The suspension, which takes effect immediately, prohibits the Centre from carrying out any WADA-related anti-doping activities, including all analyses of urine and blood samples.
It will not be lifted for at least six months, WADA warned.
The Centre now has 21 days to appeal the decision to the Court of Arbitration for Sport.
“WADA has acted swiftly to one of the key recommendations made by the Independent Commission in its Report,” said the body's President Sir Craig Reedie.
"The Moscow Laboratory is provisionally suspended, and the status of the laboratory’s accreditation beyond that will be decided by a Disciplinary Committee which will be formed shortly to review the case.”
In the meantime, all samples for the Moscow Antidoping Centre will now be transported "securely, promptly and with a demonstrable chain of custody to an alternative WADA-accredited laboratory", said a statement.
This Disciplinary Committee will eventually issue a recommendation with respect to the laboratory’s accreditation status if appropriate improvement are made.
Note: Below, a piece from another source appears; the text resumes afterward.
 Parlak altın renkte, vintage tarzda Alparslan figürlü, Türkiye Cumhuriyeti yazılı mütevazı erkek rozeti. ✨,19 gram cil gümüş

The denials from Russian Government figures, including Vladimir Putin's spokesman Dmitry Peskov, since the report was published yesterday suggests this may be difficult, however.
Grigory Rodchenkov, director of the Moscow laboratory, was specifically identified in the report as an "aider and abettor" of the doping activities, recommending how he should be "permanently removed from his position”.
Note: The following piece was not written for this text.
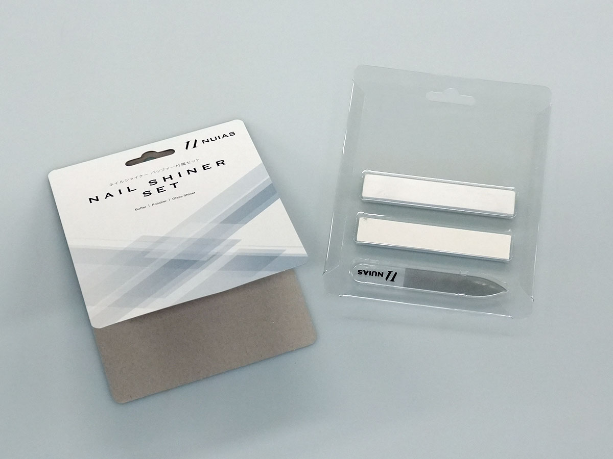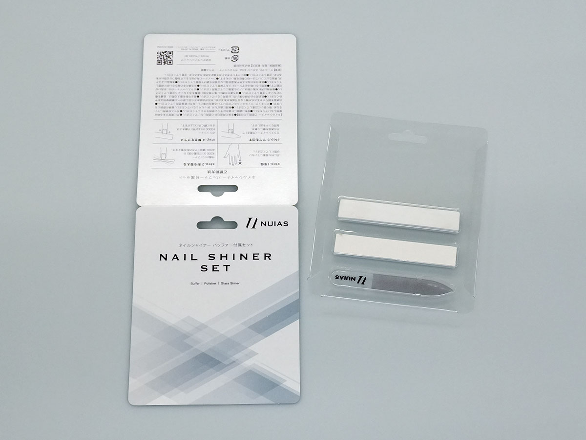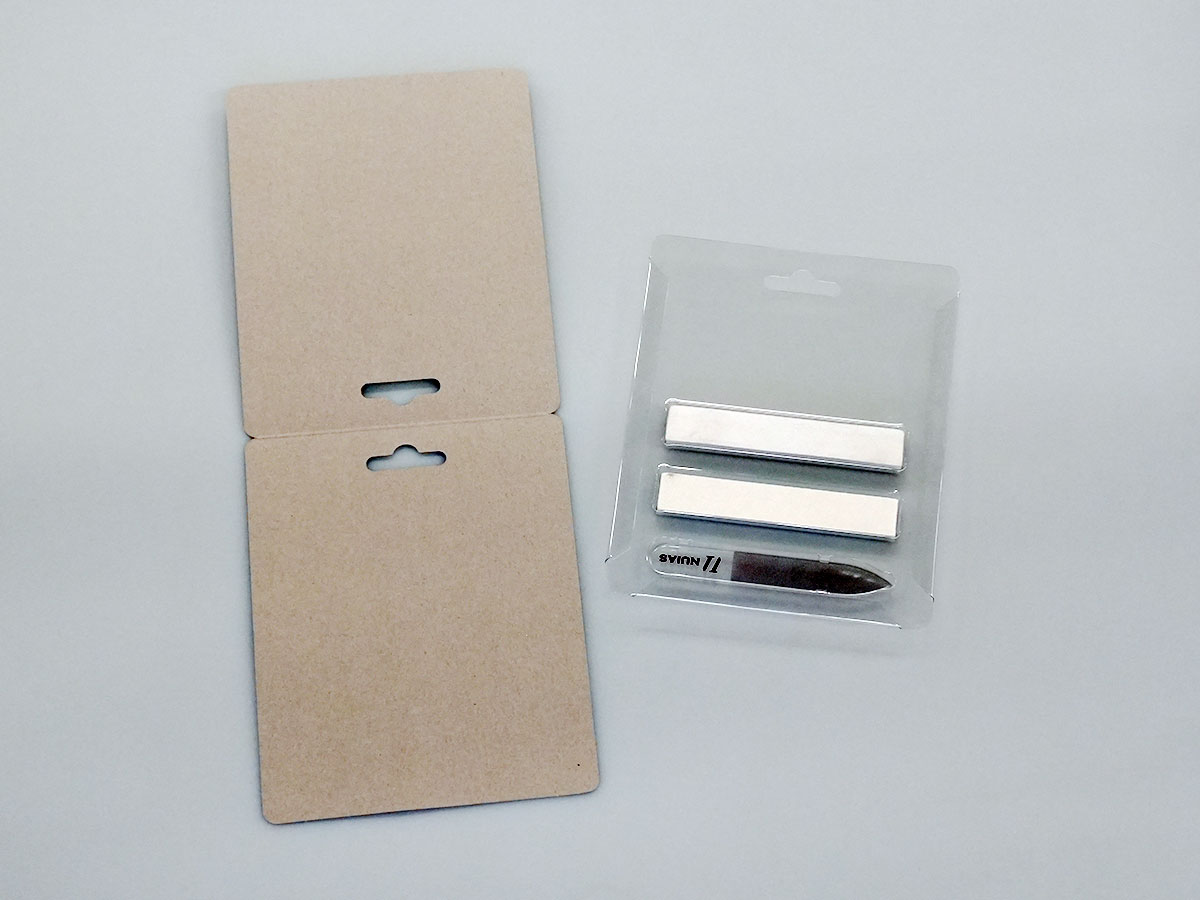 また、台紙についても工夫が可能です。一般的なブリスターでは両面印刷の台紙を使用するケースが多いのですが、台紙を二つ折り形状にすることで、片面印刷のみで両面にデザインを入れることができ、コストを抑えながら見栄えを確保することができます。

WADA's Independent Commission claimed they had interviewed Rodchenkov twice during their investigations and he admitted to intentionally destroying nearly 1,500 samples in order to limit the extent of WADA's audit and reduce any potential adverse findings from subsequent analysis by another WADA-accredited laboratory.
"The intentional destruction of the 1,417 samples done with the purpose of obstructing WADA's ability to conduct follow-up analysis on the samples was corroborated by another staff member who heard similar admissions directly from Dir. Rodchenkov," the report said.
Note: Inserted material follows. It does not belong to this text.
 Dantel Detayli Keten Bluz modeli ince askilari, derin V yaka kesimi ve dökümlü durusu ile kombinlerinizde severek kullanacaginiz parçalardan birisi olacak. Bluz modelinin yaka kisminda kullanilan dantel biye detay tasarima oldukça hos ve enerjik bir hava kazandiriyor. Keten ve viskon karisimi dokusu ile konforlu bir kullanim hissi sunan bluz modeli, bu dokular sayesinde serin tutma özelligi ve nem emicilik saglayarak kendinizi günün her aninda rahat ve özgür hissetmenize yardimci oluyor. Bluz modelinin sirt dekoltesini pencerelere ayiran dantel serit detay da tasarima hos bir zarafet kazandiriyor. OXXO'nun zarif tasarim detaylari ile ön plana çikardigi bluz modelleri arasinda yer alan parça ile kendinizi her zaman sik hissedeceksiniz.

It later adds: "The IC further finds that at the heart of the positive drug test coverup is Dir. Rodchenkov.
"He not only accepted, but also requested money in order to execute the concealment positive test results, which makes him equally responsible for incidents where coaches or officials extorted athletes even if he was not personally made aware of the extortion."
Rodchenkov has hit back, though.
He has told The Times that WADA are "idiots".
He added: "The report is full of lies and most of the witnesses are inadequate."
The 323-page report recommended that any eventual reaccreditation process in respect of the Moscow Laboratory, focus, "in addition to scientific expertise and quality control, on measures that will ensure that it operates, in fact, entirely independently from any other agency, institution, Government ministry or other outside influence".
The laboratory should also "promptly and continuously disclose to WADA the terms of all contracts regarding scientific and other assistance provided to it, as well as any other information requested by WADA".
In a statement responding to Rodchenkov's comments this afternoon, a WADA spokesperson told insidethegames how they "believe the report to be full, thorough, credible and conducted very professionally.
"The report is good news for clean athletes as recommendations are acted upon and corrective action is taken to restore confidence in the anti-doping system in Russian athletics."